Global Energy: Increasingly unsustainable.
Really still are there good opportunities to invest in renewable energies?
Well, look very carefully to the following figures of the future drown by the International Energy Agency.

- Fossil fuels –oil, natural gas and coal- will remain dominant unless governments adjust policies, with developing countries as a group contributing about 74 percent of the overall increase in demand.
- From 2007 to 2030, in billion metric tones of oil equivalent will rise from 12 up to 18. Increased by 50 percent in the period. The share of energy sources could be seen by 2030 as follows, very similar to the share of 2007: approximately 25% coal, 30% oil, 15% gas, 10% nuclear power and the last 20% renewable sources.
- These trends do not bode well for cumulative carbon dioxide (CO2) emissions and climate change. Today China and India accounting for 10 percent. Europe and US about 53 percent. But China, India and emergent economies will increase and will overtake the western countries by the 2018 approximately. Not only in emissions, also in car market too.
- But if policies to save energy and reduce emissions are implemented faster, the increases in global emissions will level off and could be pushed back. In 2030 we can see, as IEA scenario draws, renewables will be responsible of reduction in approximately 4 Gigatones of CO2, together to others important reductions due to higher efficiency in energy production and consumption by consumer.

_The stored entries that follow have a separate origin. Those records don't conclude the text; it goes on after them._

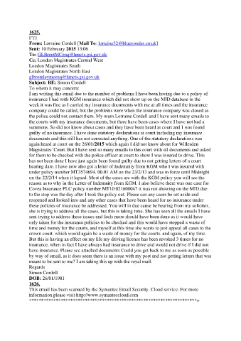 hearing date. I have now also got a letter of Indemnity from KGM who I was insured with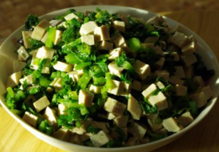 做法:芹菜切成小段,豆腐切成小方丁,均用開水焯一下,撈出后用涼開水冷卻,控凈水待用。將芹菜和豆腐攪拌,加入食鹽、味精、香油拌攪勻即成。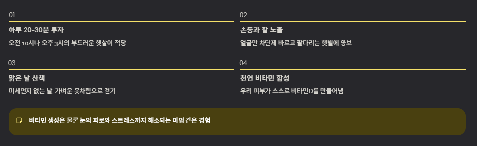 하루에 딱 20~30분 정도만 투자해 보세요. 너무 뜨거운 한낮보다는 오전 10시나 오후 3시쯤의 부드러운 햇살이 적당합니다. 이 시간에 걷다 보면 비타민 생성은 물론이고, 눈의 피로도 풀리고 스트레스까지 해소되는 마법 같은 경험을 하게 될 거예요.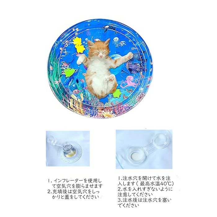 冷却アドベンチャー:仕様: 商品名:猫用感覚水プレイマット 製品材質:PVC 製品サイズ: 直径 65 センチメートル/25.59 インチ。 猫用感覚水プレイマットで遊びの時間を革命的にしましょう。ペットに涼しく快適な感覚体験を提供することで、ペットのリラクゼーションと快適さが向上し、遊びの時間がより楽しくなります。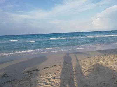 nejkrásnější pláž v Tunisu, čisté moře s mušlemi, ráno vždy pláž uklizená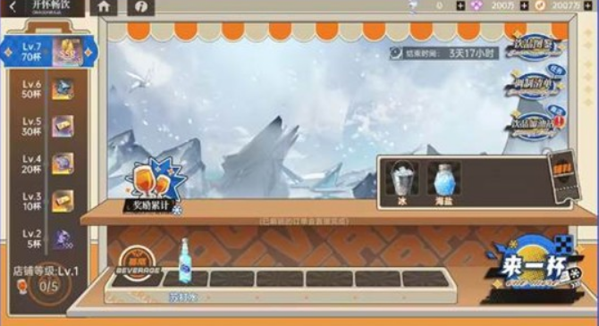活动玩法:活动期间,玩家可以在饮品台调配各类饮品,并通过升级店铺解锁更多调制材料和奖励。根据店铺等级的提升,玩家还可获得全新炼金武器「极寒咆哮」、限定皮肤-极地宣言等更多稀有奖励。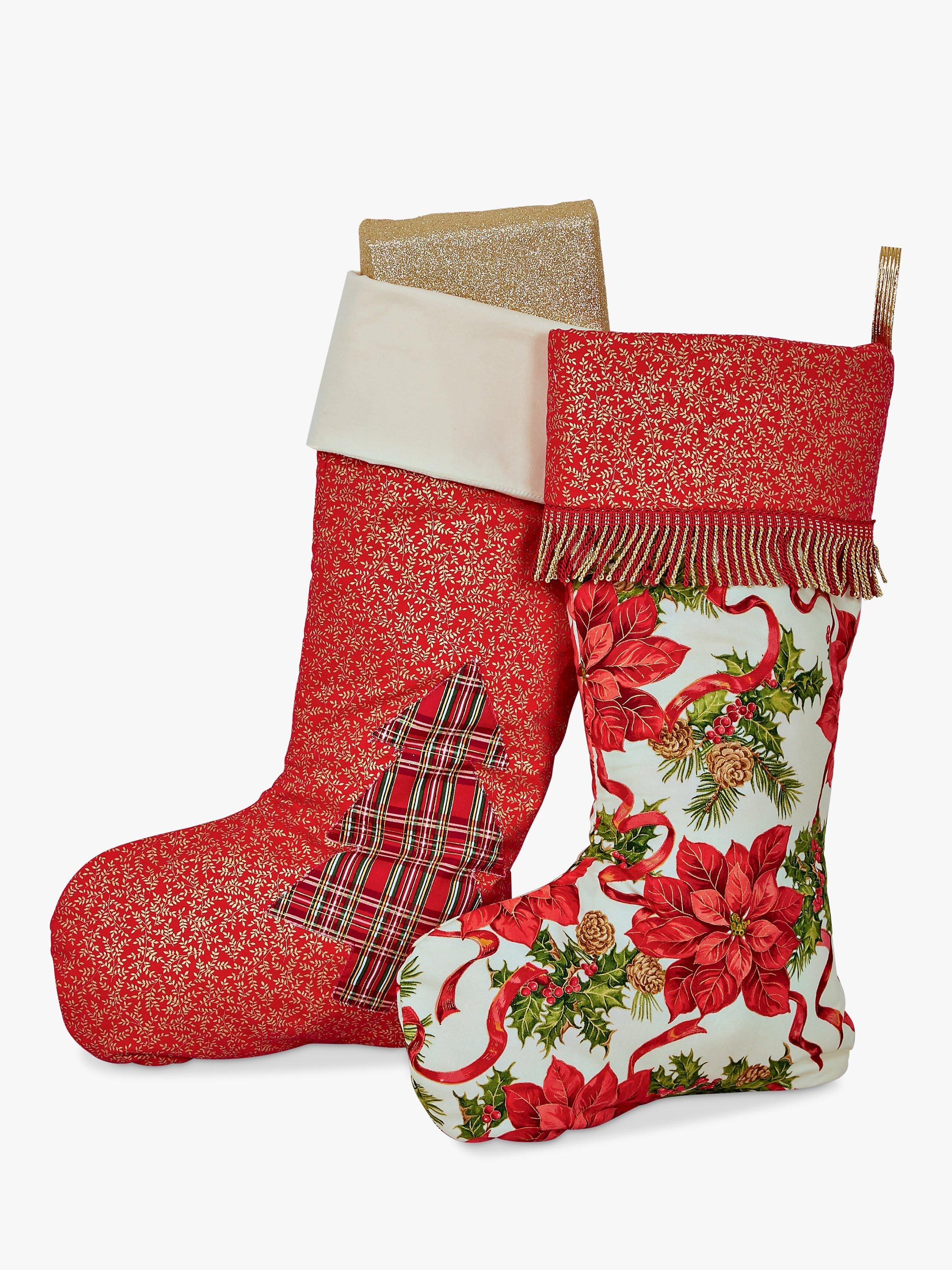 Christmas textiles including stockings, gift sacks and a tree mat.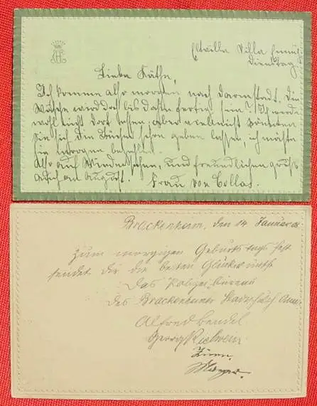 Artikelbeschreibung und Zustand : Siehe Scan. Weitere Infos : 2 huebsche Postkarten mit Praegedruck-Zierrahmen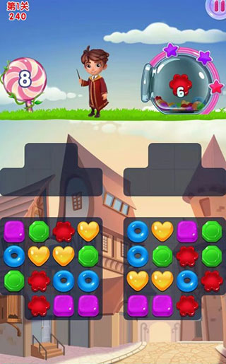 7、如果将5颗糖果排成一条直线,就会形成强大的魔法旋涡,使用任意颜色糖果触发后,可以收集场上所有相同颜色的糖果。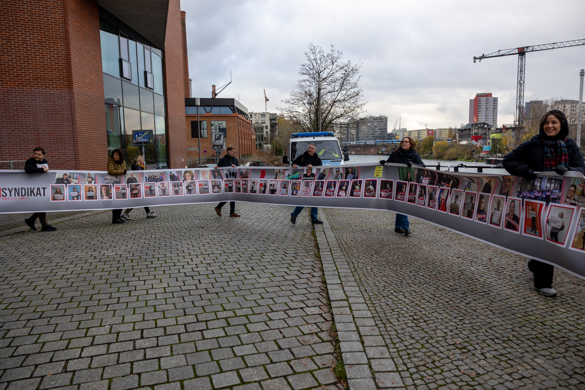 Teilweise über 500 km reisten die 20 teilnehmenden Syndikatis an, um ihrer Forderung Ausdruck zu verleihen, dass sie Gute Arbeit in ver.di und eine angemessene Entgelterhöhung erwarten. Auf 30 Meter Transparent zeigten über 200 weiter ver.di-aner*innen Gesicht und formulierten ihre Erwartungen.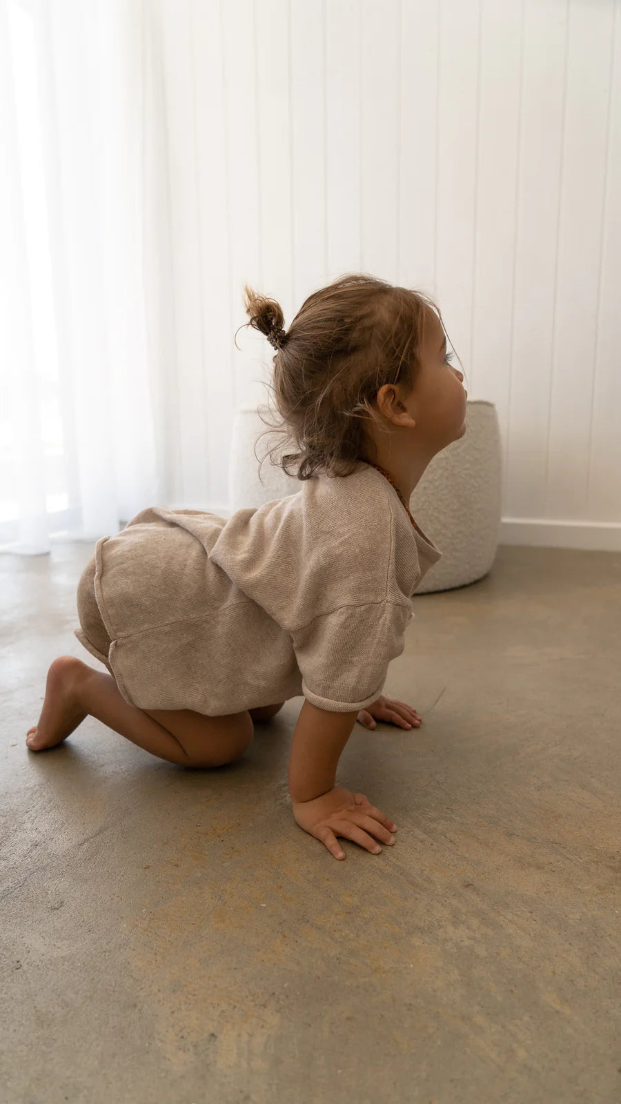 Oli in images wears a size 2-3Y and has just turned two. The fit and design is oversized/relaxed, we suggest that you shouldn't need to size up to achieve the oversized look. The linen oversized tee is designed with a scoop neck and raw edging.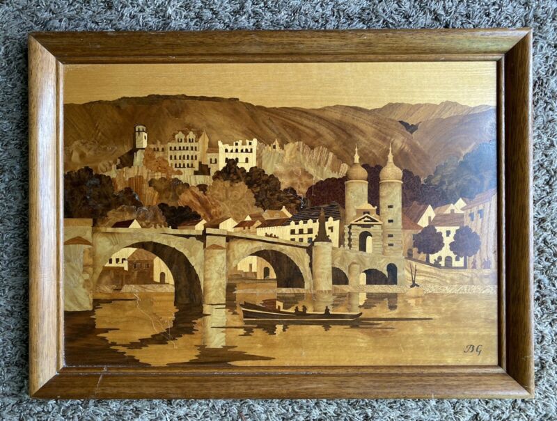 Title (ebay affiliate link): Buchschmid & Gretaux BG Wood Inlay Work Heidelberg Castle Vtg Marquetry Germany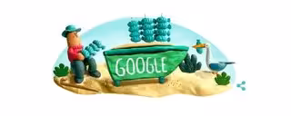 La imagen del 'doodle', elaborada de manera artesanal con arcilla, muestra a un hombre, con sombrero y bastón, elaborando un espeto de sardinas. Junto a él, una barca llena de espetos lleva escrita las letras de Google y una gaviota lo observa con una sardina en su pico.

Well, now it is time to calculate.
As you have seen in the previous paragraph, by 2030 China and India could be the responsible of 60% CO2 emissions. Well, then they will have (3/5) of the investment effort in greenhouse emissions. If the IEA stabilization scenario really comes, China and India will be responsible of (3/5) of the 4 Gigatones of CO2 reduction in 2030.

If you consider that to produce energy as 1KW•h you generate actually about 300Kg of CO2, then

(3/5)*(4•10exp(9)•1•10exp(3))=2.4exp(12)

Kg of CO2 that will correspond to China and India reduction by 2030.

Then, this reduction correspond to a change in energy traditional production by renewable source in…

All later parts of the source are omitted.